To give a sense of the wide-ranging nature of The Organized Mind, consider the chapter “Organizing our time.” It starts off noting the importance of the prefrontal cortex in time management, addresses the biological importance of time and the rise of precise time measurement (which is pretty recent in human history), considers the mental challenges of temporal frames and planning in a wide variety of tasks (from watching television to the invasion of Normandy), examines the many roles of sleep, looks at what is called flow (immersive engagement in an activity), and addresses reasons for procrastination. Within the procrastination section, Levitin considers various topics including attention deficit disorder, delayed gratification, and beliefs that facilitate procrastination.
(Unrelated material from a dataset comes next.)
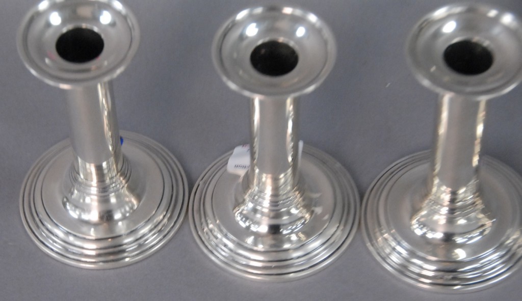 Set of four Tiffany and Company sterling silver candlesticks with round bases. 17.8 troy oz.
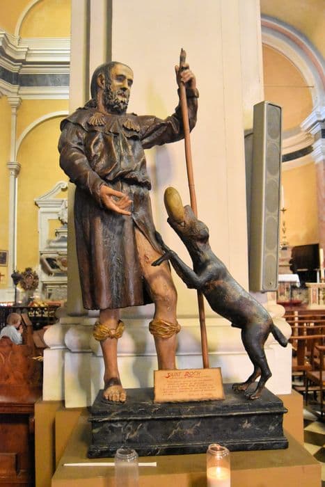 Le chien, hissé sur ses pattes de derrière, s'appuie sur la cuisse droite de saint Roch, présentant un pain rond dans sa gueule.

Also important is to disconnect one’s sense of self-worth from the outcome of a task. Self-confidence entails accepting that you might fail early on and that it’s OK, it’s all part of the process. The writer and polymath George Plimpton noted that successful people have paradoxically had many more failures than people whom most of us would consider to be, well, failures. If this sounds like double-talk or mumbo jumbo, the resolution of the paradox is that successful people (or people who eventually become successful) deal with failures and setbacks very differently from everyone else. The unsuccessful person interprets the failure or setback as a career breaker and concludes, “I’m no good at this.” The successful person sees each setback as an opportunity to gain whatever additional knowledge is necessary to accomplish her goals. The internal dialogue of a successful (or eventually successful) person is more along the lines of “I thought I knew everything I needed to know to achieve my goals, but this has taught me that I don’t. Once I learn this, I can get back on track.” The kinds of people who become successful typically know that they can expect a rocky road ahead and it doesn’t dissuade them when those bumps knock them off kilter — it’s all part of the process. As Piers Steel would say, they don’t subscribe to the faulty belief that life should be easy. (p. 200)

If you can organise your time well enough to spend ten minutes per day reading The Organized Mind and implementing some of Levitin’s suggestions, you can become even more efficient, focused and mentally calm, and also assist your children and others in your life to thrive. It’s worth the effort, because all the signs suggest information overload isn’t going away. Instead, it’s likely to become worse.